▶ [REQUIREMENT]
The output is the lines below from the one with "Surface tension usually" through the one with "Волшебный мир, в", both included, printed exactly and with no other line.

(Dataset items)

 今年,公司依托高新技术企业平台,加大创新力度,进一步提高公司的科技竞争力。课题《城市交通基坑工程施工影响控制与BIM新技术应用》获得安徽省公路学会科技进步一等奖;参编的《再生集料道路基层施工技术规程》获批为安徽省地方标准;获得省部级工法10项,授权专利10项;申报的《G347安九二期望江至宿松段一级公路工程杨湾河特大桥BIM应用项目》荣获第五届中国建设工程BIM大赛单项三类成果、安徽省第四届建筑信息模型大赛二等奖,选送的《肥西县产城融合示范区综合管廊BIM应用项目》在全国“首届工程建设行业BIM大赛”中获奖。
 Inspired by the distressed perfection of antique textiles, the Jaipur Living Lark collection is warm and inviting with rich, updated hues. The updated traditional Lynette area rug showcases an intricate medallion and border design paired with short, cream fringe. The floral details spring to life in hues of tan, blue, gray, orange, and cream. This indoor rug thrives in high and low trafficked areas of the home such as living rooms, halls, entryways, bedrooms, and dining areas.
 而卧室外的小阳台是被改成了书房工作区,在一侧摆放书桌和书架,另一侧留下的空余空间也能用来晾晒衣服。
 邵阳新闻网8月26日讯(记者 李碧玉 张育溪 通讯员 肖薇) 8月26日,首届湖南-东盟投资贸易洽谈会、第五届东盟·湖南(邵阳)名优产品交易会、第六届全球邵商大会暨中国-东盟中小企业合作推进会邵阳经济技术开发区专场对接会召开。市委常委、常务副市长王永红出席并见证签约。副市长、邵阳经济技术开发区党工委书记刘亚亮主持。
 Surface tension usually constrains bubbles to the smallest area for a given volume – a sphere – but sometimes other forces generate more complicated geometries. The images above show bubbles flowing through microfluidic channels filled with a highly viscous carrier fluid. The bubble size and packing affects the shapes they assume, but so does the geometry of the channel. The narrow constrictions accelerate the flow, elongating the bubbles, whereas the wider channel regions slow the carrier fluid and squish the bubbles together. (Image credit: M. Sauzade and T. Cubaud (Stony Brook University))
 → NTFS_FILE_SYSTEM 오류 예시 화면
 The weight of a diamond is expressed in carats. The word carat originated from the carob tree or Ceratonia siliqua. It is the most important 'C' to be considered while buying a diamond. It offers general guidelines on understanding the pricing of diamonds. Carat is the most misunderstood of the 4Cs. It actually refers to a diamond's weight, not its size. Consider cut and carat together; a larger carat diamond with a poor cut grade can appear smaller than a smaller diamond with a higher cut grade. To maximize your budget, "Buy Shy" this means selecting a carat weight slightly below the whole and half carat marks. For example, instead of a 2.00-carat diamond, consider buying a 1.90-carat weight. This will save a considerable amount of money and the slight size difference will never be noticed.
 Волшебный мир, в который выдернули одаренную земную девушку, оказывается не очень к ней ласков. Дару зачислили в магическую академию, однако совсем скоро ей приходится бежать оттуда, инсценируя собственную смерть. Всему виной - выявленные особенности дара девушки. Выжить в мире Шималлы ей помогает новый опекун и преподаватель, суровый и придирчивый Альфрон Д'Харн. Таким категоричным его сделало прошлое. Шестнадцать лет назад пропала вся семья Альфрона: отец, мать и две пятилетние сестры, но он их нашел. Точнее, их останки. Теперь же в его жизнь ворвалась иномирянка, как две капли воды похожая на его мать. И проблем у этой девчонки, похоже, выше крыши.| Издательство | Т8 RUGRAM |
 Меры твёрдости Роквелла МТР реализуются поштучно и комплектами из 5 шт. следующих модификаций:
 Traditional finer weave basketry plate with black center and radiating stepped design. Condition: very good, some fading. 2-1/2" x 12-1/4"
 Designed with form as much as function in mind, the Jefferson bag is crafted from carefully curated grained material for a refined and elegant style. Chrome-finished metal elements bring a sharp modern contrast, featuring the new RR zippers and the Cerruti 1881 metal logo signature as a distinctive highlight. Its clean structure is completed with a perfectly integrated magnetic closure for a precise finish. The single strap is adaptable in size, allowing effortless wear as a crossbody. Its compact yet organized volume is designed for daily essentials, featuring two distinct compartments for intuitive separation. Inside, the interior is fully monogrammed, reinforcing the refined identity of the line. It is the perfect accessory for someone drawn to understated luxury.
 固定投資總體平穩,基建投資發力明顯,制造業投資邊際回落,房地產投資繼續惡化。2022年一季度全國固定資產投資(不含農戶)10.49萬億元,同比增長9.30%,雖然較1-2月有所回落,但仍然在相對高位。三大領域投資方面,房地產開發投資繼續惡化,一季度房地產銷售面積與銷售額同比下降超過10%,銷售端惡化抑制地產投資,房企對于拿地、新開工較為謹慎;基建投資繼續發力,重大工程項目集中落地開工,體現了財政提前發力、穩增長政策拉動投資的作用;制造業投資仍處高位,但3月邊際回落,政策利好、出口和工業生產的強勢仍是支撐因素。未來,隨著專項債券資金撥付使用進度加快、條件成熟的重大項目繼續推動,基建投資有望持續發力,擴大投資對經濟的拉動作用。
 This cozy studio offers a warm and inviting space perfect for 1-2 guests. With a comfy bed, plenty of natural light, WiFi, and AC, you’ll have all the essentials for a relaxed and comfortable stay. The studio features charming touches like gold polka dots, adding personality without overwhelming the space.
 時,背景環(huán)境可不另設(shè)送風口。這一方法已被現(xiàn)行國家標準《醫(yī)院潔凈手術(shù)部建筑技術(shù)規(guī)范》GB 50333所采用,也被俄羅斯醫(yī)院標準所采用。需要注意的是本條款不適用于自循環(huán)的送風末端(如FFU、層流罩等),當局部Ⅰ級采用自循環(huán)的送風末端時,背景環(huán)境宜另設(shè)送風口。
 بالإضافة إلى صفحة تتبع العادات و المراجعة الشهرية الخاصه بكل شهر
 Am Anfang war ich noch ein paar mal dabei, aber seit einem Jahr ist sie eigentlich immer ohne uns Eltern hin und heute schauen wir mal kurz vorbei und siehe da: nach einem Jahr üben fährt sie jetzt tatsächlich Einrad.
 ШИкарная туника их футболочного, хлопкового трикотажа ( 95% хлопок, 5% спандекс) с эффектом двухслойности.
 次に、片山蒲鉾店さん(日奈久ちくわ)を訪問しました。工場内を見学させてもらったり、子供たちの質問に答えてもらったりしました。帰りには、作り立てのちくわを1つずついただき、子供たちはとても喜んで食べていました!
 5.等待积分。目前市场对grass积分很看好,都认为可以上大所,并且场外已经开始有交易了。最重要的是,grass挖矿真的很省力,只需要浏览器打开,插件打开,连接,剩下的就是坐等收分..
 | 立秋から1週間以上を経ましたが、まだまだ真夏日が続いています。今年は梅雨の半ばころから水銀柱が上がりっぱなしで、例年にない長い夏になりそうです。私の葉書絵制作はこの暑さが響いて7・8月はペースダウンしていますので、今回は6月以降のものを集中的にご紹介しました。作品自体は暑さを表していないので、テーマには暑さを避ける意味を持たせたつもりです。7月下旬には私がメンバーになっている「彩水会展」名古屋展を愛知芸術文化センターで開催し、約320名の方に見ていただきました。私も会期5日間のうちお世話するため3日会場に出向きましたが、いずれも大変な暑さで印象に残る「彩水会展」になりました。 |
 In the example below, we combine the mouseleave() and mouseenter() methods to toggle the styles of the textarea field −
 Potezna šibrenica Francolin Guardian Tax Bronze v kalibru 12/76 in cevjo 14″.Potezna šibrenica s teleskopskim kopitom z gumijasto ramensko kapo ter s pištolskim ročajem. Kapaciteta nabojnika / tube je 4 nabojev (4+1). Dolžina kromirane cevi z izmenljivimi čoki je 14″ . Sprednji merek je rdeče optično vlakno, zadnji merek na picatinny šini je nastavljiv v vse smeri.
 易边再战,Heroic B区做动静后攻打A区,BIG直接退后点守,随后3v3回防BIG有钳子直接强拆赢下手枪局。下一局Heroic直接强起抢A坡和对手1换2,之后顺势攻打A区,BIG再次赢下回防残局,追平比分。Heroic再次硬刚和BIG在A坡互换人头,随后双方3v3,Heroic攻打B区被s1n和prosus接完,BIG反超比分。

▶ [EXERCISE SOLUTION]
 Surface tension usually constrains bubbles to the smallest area for a given volume – a sphere – but sometimes other forces generate more complicated geometries. The images above show bubbles flowing through microfluidic channels filled with a highly viscous carrier fluid. The bubble size and packing affects the shapes they assume, but so does the geometry of the channel. The narrow constrictions accelerate the flow, elongating the bubbles, whereas the wider channel regions slow the carrier fluid and squish the bubbles together. (Image credit: M. Sauzade and T. Cubaud (Stony Brook University))
 → NTFS_FILE_SYSTEM 오류 예시 화면
 The weight of a diamond is expressed in carats. The word carat originated from the carob tree or Ceratonia siliqua. It is the most important 'C' to be considered while buying a diamond. It offers general guidelines on understanding the pricing of diamonds. Carat is the most misunderstood of the 4Cs. It actually refers to a diamond's weight, not its size. Consider cut and carat together; a larger carat diamond with a poor cut grade can appear smaller than a smaller diamond with a higher cut grade. To maximize your budget, "Buy Shy" this means selecting a carat weight slightly below the whole and half carat marks. For example, instead of a 2.00-carat diamond, consider buying a 1.90-carat weight. This will save a considerable amount of money and the slight size difference will never be noticed.
 Волшебный мир, в который выдернули одаренную земную девушку, оказывается не очень к ней ласков. Дару зачислили в магическую академию, однако совсем скоро ей приходится бежать оттуда, инсценируя собственную смерть. Всему виной - выявленные особенности дара девушки. Выжить в мире Шималлы ей помогает новый опекун и преподаватель, суровый и придирчивый Альфрон Д'Харн. Таким категоричным его сделало прошлое. Шестнадцать лет назад пропала вся семья Альфрона: отец, мать и две пятилетние сестры, но он их нашел. Точнее, их останки. Теперь же в его жизнь ворвалась иномирянка, как две капли воды похожая на его мать. И проблем у этой девчонки, похоже, выше крыши.| Издательство | Т8 RUGRAM |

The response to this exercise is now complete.